Tuberculosis-induced variant IL-4 mRNA encodes a cytokine functioning as growth factor for (E)-4-hydroxy-3-methyl-but-2-enyl pyrophosphate-specific Vgamma2Vdelta2 T cells

• Published in: The Journal of immunology (1950) Vol. 182; no. 2; pp. 811 - 819
• Main Authors: Yuan, ZhuQing, Wang, Richard, Lee, Yuyang, Chen, Crystal Y, Yu, XingBing, Wu, ZhongDao, Huang, Dan, Shen, Ling, Chen, Zheng W
• Format: Journal Article
• Language: English
• Published: United States 15.01.2009
• Subjects: Amino Acid Sequence; Animals; Base Sequence; Cell Proliferation; Diphosphates - immunology; Intercellular Signaling Peptides and Proteins - biosynthesis; Intercellular Signaling Peptides and Proteins - genetics; Intercellular Signaling Peptides and Proteins - physiology; Interleukin-4 - biosynthesis; Interleukin-4 - genetics; Interleukin-4 - isolation & purification; Interleukin-4 - physiology; Lymphocyte Activation - immunology; Macaca fascicularis; Macaca mulatta; Molecular Sequence Data; Mycobacterium bovis - immunology; Mycobacterium tuberculosis - immunology; Receptors, Antigen, T-Cell, gamma-delta - immunology; RNA Splicing - immunology; RNA, Messenger - biosynthesis; T-Lymphocyte Subsets - immunology; T-Lymphocyte Subsets - metabolism; T-Lymphocyte Subsets - microbiology
• ISSN: 1550-6606

The possibility that mycobacterial infections induce variant cytokine mRNA encoding a functionally distinct protein for immune regulation has not been addressed.

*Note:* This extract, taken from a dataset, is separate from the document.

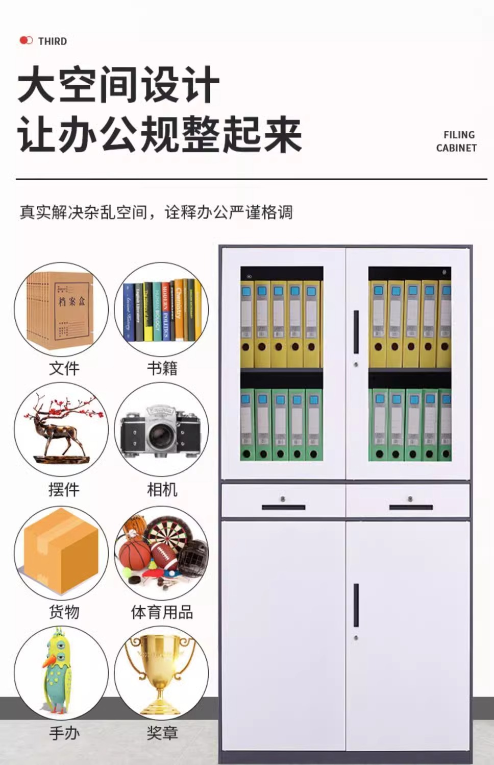 사무실 좁은면 문서 캐비닛 철 파일 캐비닛 유리 책장 서랍 낮은 캐비닛 멀티 도어 스틸 사물함

In this study, we reported that Mycobacterium tuberculosis and bacillus Calmette-Guérin infections of macaques induced expression of variant IL-4 (VIL-4) mRNA encoding a protein comprised of N-terminal 97 aa identical with IL-4, and unique C-terminal 96 aa including a signaling-related proline-rich motif. While VIL-4 could be stably produced as intact protein, the purified VIL-4 induced apparent expansion of phosphoantigen (E)-4-hydroxy-3-methyl-but-2-enyl pyrophosphate (HMBPP)-specific Vgamma2Vdelta2 T cells in dose- and time-dependent manners. The unique C-terminal 96 aa bearing the proline-rich motif (PPPCPP) of VIL-4 appeared to confer the ability to expand Vgamma2Vdelta2 T cells, since simultaneously produced IL-4 had only a subtle effect on these gammadelta T cells. Moreover, VIL-4 seemed to use IL-4R alpha for signaling and activation, as the VIL-4-induced expansion of Vgamma2Vdelta2 T cells was blocked by anti-IL-4R alpha mAb but not anti-IL-4 mAb. Surprisingly, VIL-4-expanded Vgamma2Vdelta2 T cells after HMBPP stimulation appeared to be heterologous effector cells capable of producing IL-4, IFN-gamma, and TNF-alpha. Thus, mycobacterial infections of macaques induced variant mRNA encoding VIL-4 that functions as growth factor promoting expansion of HMBPP-specific Vgamma2Vdelta2 T effector cells.